[Opening Records provided section]
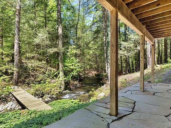 A few additional features include a fire pit nestled into a pine grove, a welcoming and manicured approach, a fenced in yard for furry friends, a sweet storage shed, a waterfall and a bridge across the stream to explore the magnificent natural setting.
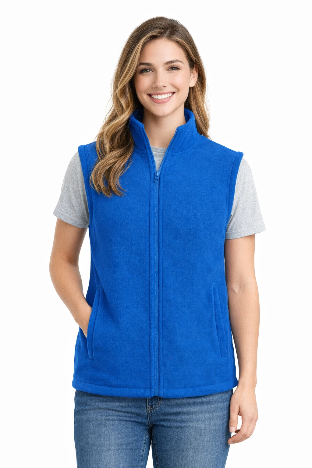Niebieska kamizelka polarowa zapinana na zamek to wygodna i funkcjonalna część garderoby na chłodniejsze dni. Wykonana z wysokiej jakości polaru zapewnia dobrą izolację cieplną, a jednocześnie pozostaje lekka i komfortowa w noszeniu. Klasyczny krój oraz praktyczne rozwiązania sprawiają, że kamizelka sprawdzi się zarówno w codziennym użytkowaniu, jak i podczas pracy czy aktywności na świeżym powietrzu.
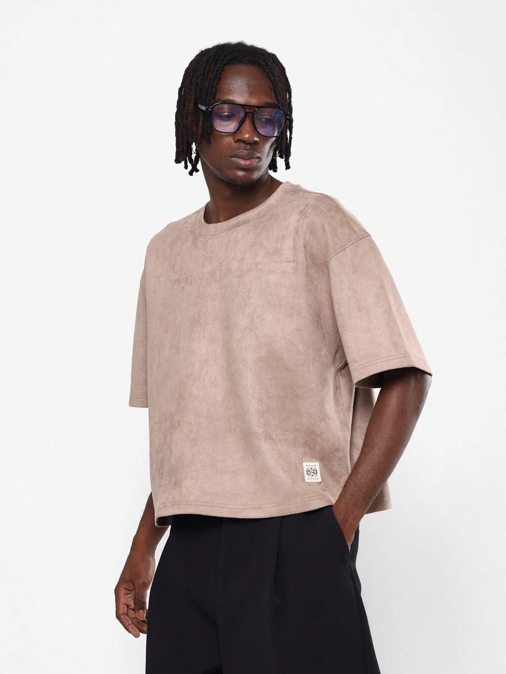 Suede Effect Boxy T-Shirt With Short Sleeves
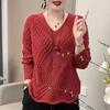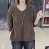 Cuello Jacquard Holgado Perezoso Coreano Color Calado Camisa Tejida Ropa Exterior Suéter para Mujer Primavera y Otoño Combinación Total Nueva Llegada
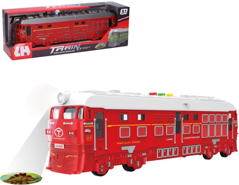 Vlak lokomotiva červená na setrvačník s projekcí na baterie Světlo Zvuk
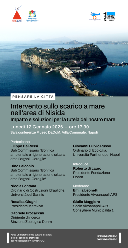 Vivoanapoli APS in collaborazione con la Fondazione Dohrn organizza per lunedì 12 gennaio 2026, l’incontro sul tema “Intervento sullo scarico a mare nell’area di Nisida. Impatto e soluzioni per la tutela del nostro mare”.
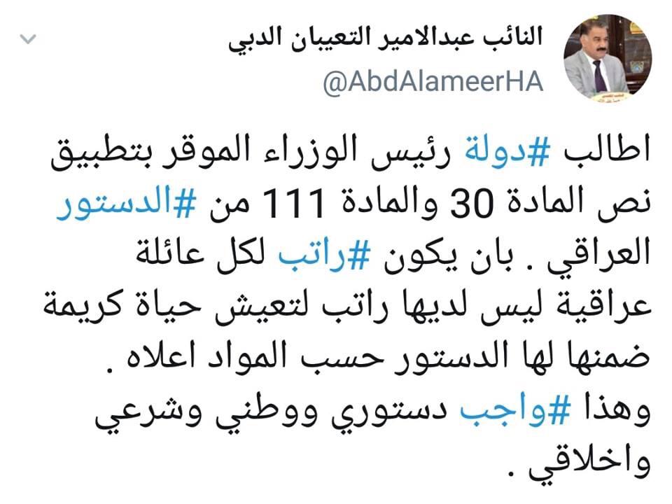طالب النائب عن حركة الصادقون عبدالامير التعيبان الدبي في تغريدة على تويتر، اليوم الربعاء ، رئيس مجلس الوزراء عادل عبد المهدي بتخصيص راتب لكل عائلة عراقية لا تمتلك راتب وحسب ماجاء في الدستور العراقي.
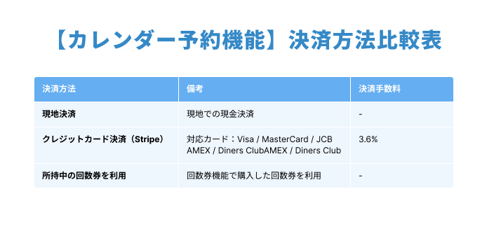 カレンダー予約時の決済方法は、Lメンバーズカードの管理画面上で簡単にカスタマイズすることが可能です。決済方法は、「現地決済」「事前決済(クレジットカード決済)」「所持中の回数券を利用」から選択することができます。
[Closing Records provided section]
Work instructions
Copy the records above exactly, leaving out every picture.

Exercise solution
 A few additional features include a fire pit nestled into a pine grove, a welcoming and manicured approach, a fenced in yard for furry friends, a sweet storage shed, a waterfall and a bridge across the stream to explore the magnificent natural setting.
Niebieska kamizelka polarowa zapinana na zamek to wygodna i funkcjonalna część garderoby na chłodniejsze dni. Wykonana z wysokiej jakości polaru zapewnia dobrą izolację cieplną, a jednocześnie pozostaje lekka i komfortowa w noszeniu. Klasyczny krój oraz praktyczne rozwiązania sprawiają, że kamizelka sprawdzi się zarówno w codziennym użytkowaniu, jak i podczas pracy czy aktywności na świeżym powietrzu.
 Suede Effect Boxy T-Shirt With Short Sleeves
 Cuello Jacquard Holgado Perezoso Coreano Color Calado Camisa Tejida Ropa Exterior Suéter para Mujer Primavera y Otoño Combinación Total Nueva Llegada
 Vlak lokomotiva červená na setrvačník s projekcí na baterie Světlo Zvuk
 Vivoanapoli APS in collaborazione con la Fondazione Dohrn organizza per lunedì 12 gennaio 2026, l’incontro sul tema “Intervento sullo scarico a mare nell’area di Nisida. Impatto e soluzioni per la tutela del nostro mare”.
طالب النائب عن حركة الصادقون عبدالامير التعيبان الدبي في تغريدة على تويتر، اليوم الربعاء ، رئيس مجلس الوزراء عادل عبد المهدي بتخصيص راتب لكل عائلة عراقية لا تمتلك راتب وحسب ماجاء في الدستور العراقي.
 カレンダー予約時の決済方法は、Lメンバーズカードの管理画面上で簡単にカスタマイズすることが可能です。決済方法は、「現地決済」「事前決済(クレジットカード決済)」「所持中の回数券を利用」から選択することができます。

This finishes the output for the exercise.